Plain Jupyter cannot display the slide decks in their final format. There are extensions that provide that functionality, but I am yet to try them out, so in this tutorial we will stick to what is available out of the box, which is HTML export. The HTML file will require a reveal.js library to be present, so we will need to download it. Assume we have the following directory structure in our project:

/project-root
    /demos
       /1
       /lib
    /notebooks

We will store the notebook in notebooks directory, and will want to keep the files for the current slide deck in demos/1 directory. Let us first make sure reveal.js is available: download the current release from the GitHub releases page and unzip it to demos/lib. As a result we should end up with the library in a directory such as demos/lib/reveal.js-3.7.0. With that in place, we can now export the notebook to a slide deck using jupyter nbconvert. I do it by placing the following cell (Slide Type=Skip) at the top of the notebook:

!jupyter nbconvert demo1-slides.ipynb \
    --to slides \
    --output-dir ../demos/1 \
    --reveal-prefix=../lib/reveal.js-3.7.0

The output-dir and reveal-prefix arguments make the export aware of our directory structure. Once run, you should end up with the file demos/1/demo1-slides.slides.html, which can be opened in a browser and should immediately work as a reveal.js presentation.

Styling

The Jupyter reveal.js export is by default set up to export both the code and output of Python cells. The audience of my demos is non-technical, and they do not care about the code. nbconvert provides configuration options to exclude the code, as well as the out prompts. We can modify the export cell to include them:

!jupyter nbconvert demo1-slides.ipynb \
    --to slides \
    --output-dir ../demos/1 \
    --TemplateExporter.exclude_input=True \
    --TemplateExporter.exclude_output_prompt=True \
    --reveal-prefix=../lib/reveal.js-3.7.0

Another feature of the export that is non-ideal is that the output text from prints is shown as preformatted, in HTML <pre> tag. This can be addressed by importing display and HTML functions (from IPython.core.display import display, HTML) and then using display(HTML("...")) in place of print. The static content appears more indented than the output of code cells, which is due to an empty prompt area being shown to the left of the static content. To eliminate this, include the following in the first markdown Slide cell:

<style>
.prompt { min-width: 0ex; }
div.prompt { width: 0ex; }
</style>

In general, all styling can be configured comprehensively in a theme stylesheet, and I will probably look into that if I have to make more slide decks in Jupyter, but for the time being I found it expedient to modify the styles directly in the notebook. Other CSS modifications I found useful were elimination of table borders, which makes Pandas dataframes render nicely:

.rendered_html table, .rendered_html tr, .rendered_html td, .reveal table th, .reveal table td {
    border: 0px;
}
.reveal thead {
    border-bottom: 2px solid #8c8c8c;
}

Plots

I used matplotlib for plotting, in the same way I would in a regular notebook. I prefer to output SVG for nice scaling, and also wanted the plots to take the entire slide, so I did the following:

import matplotlib.pyplot as plt
%matplotlib inline
%config InlineBackend.figure_formats = ['svg']
plt.figure(figsize=(12,6))

PDF export

It is a good practice to share the slides with the audience after the presentation, ideally in PDF format, which is easy to open on most computers. Reveal.js’s support for PDF export relies on a custom stylesheet enabled through a query parameter, and the browser’s print to PDF functionality. For the custom stylesheet to work, the presentation has to be delivered by a web server, not just opened from a file on disk. Fortunately, it is easy to start up an ad-hoc web server using Python. In demos directory run:

python3 -m http.server

You should now be able to open http://0.0.0.0:8000/1/demo1-slides.slides.html?print-pdf in a web browser (annoyingly, reveal.js only fully supports Chrome/Chromium for PDF export) and “print” the page to PDF.

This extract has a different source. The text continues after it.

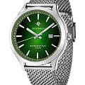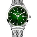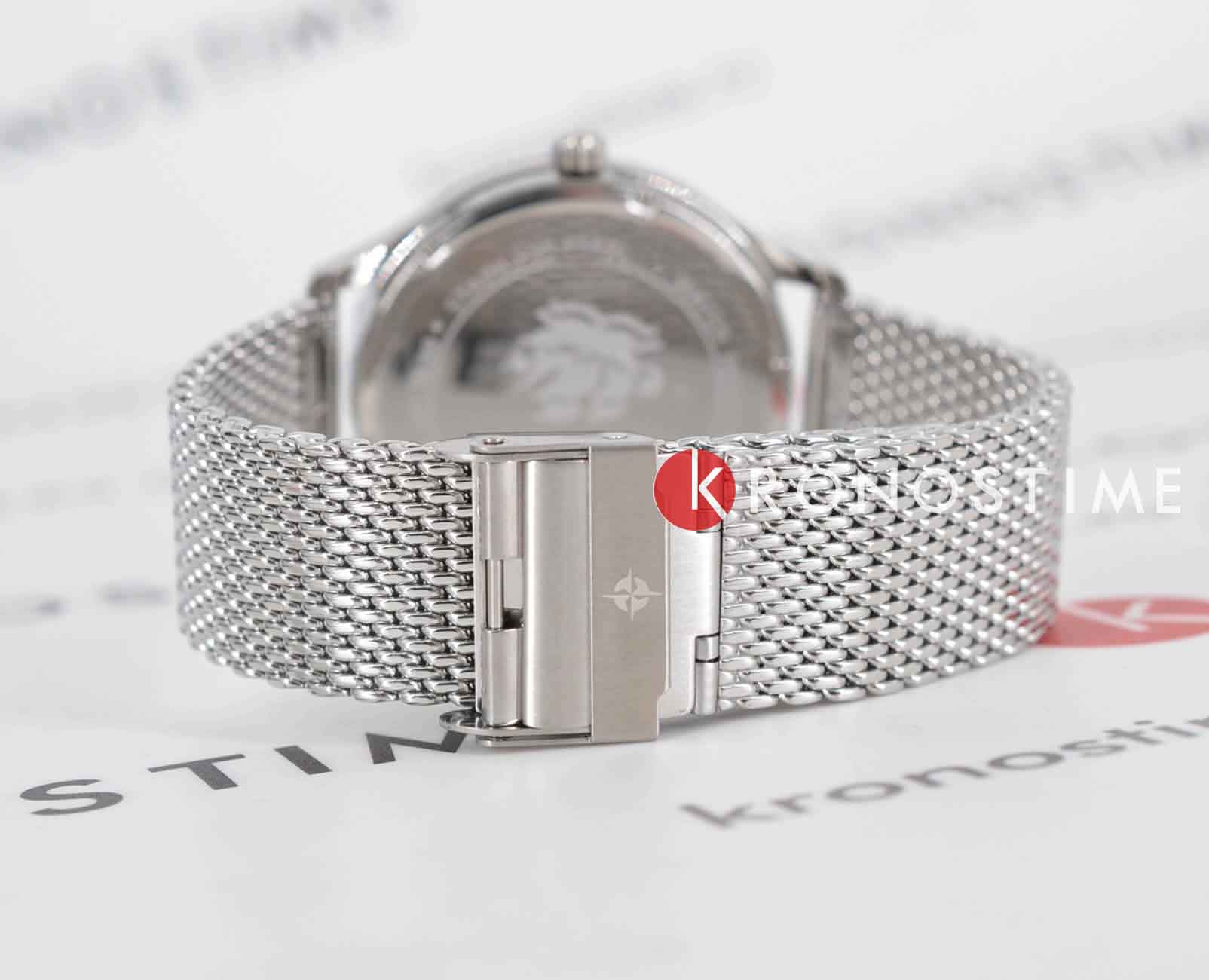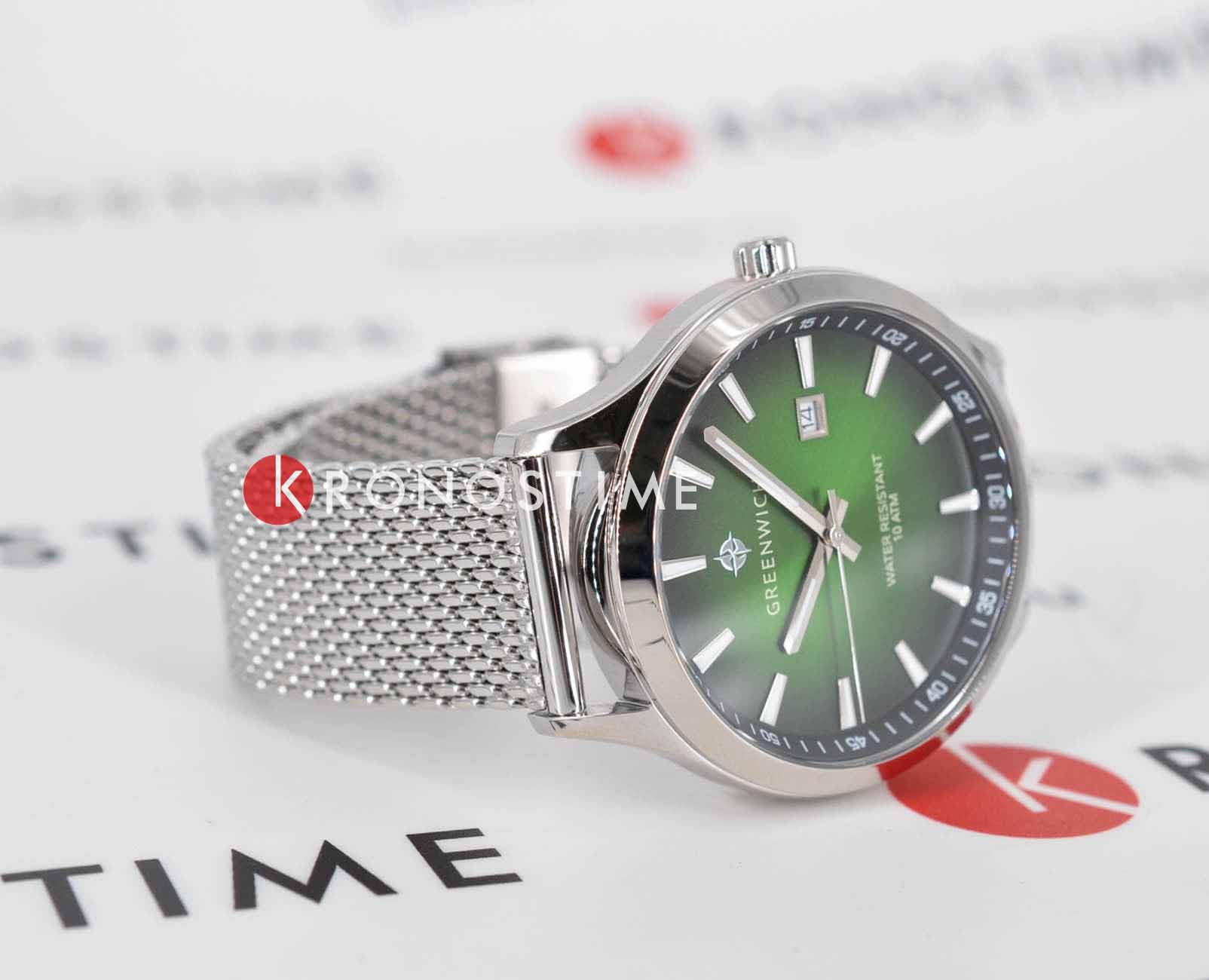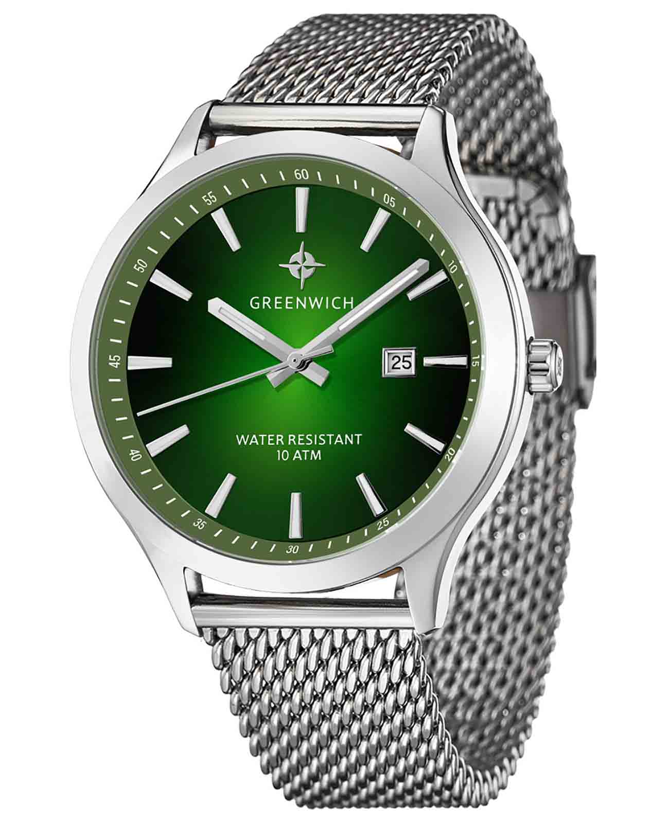 Часы Greenwich Helm GW 041.19.39— это стильная и надежная модель, сочетающая современные технологии и элегантный дизайн. Корпус часов выполнен из прочной гипоаллергенной нержавеющей стали с особой вертикальной матовой полировкой на боковой части, что придает корпусу визуальную тонкость и индивидуальность. Диаметр корпуса составляет 42 мм — оптимальный размер для повседневного использования. Внутри установлен надежный японский кварцевый механизм Miyota, который обеспечивает точность хода и долговечность. Зеленый циферблат часов отличается глубиной и объемом благодаря оригинальному внутреннему «колодцу» с нанесенной секундной разметкой. Полировка в стиле солнечных лучей придает поверхности изысканный блеск. Индексы в виде трапеций изготовлены вручную и закреплены на двух штифтах, а для удобства чтения времени в темноте на стрелки и индексы нанесено люминесцентное покрытиеЛюминесцентное покрытиеПозволяет считывать показания времени в темноте. Производители наносят на стрелки, часовые индексы, безель или поверхность циферблата светонакопительный состав, дающий холодное свечение.. Часовая и минутная стрелки имеют мечеобразную форму, что делает их визуально выразительными и легко читаемыми. Циферблат защищен прочным минеральным стекломМинеральное стеклоМинеральное стекло представляет собой искусственно выращенный минерал кварца. Такое стекло отличается особой устойчивостью к повреждениям и царапинам. Уступает по некоторым качествам сапфировому стеклу.. Водонепроницаемость модели составляет 10 ATM, что позволяет использовать часы во время занятий водными видами спорта. Завинчивающаяся задняя крышка обеспечивает дополнительную защиту от влаги. Часы оснащены литым металлическим браслетом с миланским плетением, который надежно фиксируется с помощью раскладного замкаРаскладной замокДанный вариант застежки используется только на часах с металлическим браслетом. Отличительная особенность такого крепления в том, что длина браслета становится универсальной и вы можете самостоятельно отрегулировать нужный вам размер – застежка просто двигается по браслету часов., предотвращающей случайное раскрытие. На циферблате и заводной головке размещён фирменный логотип марки — изображение «розы ветров», символизирующее удачу и новые открытия. Задняя крышка украшена гравировкой с изображением «розы ветров» и корабля, подчеркивающих морскую тематику бренда Greenwich.

If you use fragments to gradually reveal portions of the slide, each fragment will result in a separate slide in the PDF version of the deck. This is not something I wanted, and the behaviour can be configured through a reveal.js pdfSeparateFragments option, but jupyter nbexport does not provide convenient access to this option, so I ended up hacking the setting into the HTML file directly by adding the following in the export cell, directly after the jupyter nbexport call:

!sed -i 's/Reveal\.initialize({/Reveal.initialize({pdfSeparateFragments: false,/' ../demos/1/demo1-slides.slides.html

Observations

The great thing about using Jupyter for creating slide decks is that I could easily access all the data in the environment, in the way I am used to. For example, I wanted to make a plot of how the progress subject matter experts made on labelling the data over time. I could use pyspark SQL to query the relevant data and then matplotlib to output the plot. In theory tables are also easy to render with the use of Pandas, but I found that less useful in practice: in most cases I wanted to highlight particular cells to draw attention to certain aspects or better explain the data, which meant that I had to include the table in the static content and style it by hand. I only ended up with one case where I could use the dynamic output directly; in all others I ran the calculations in Skip cells to then used those results to hand-design a slide. It is still nice to have the calculations available inline, but copying the data and formatting it separately takes away one of the most compelling arguments for Jupyter as slide deck construction tool.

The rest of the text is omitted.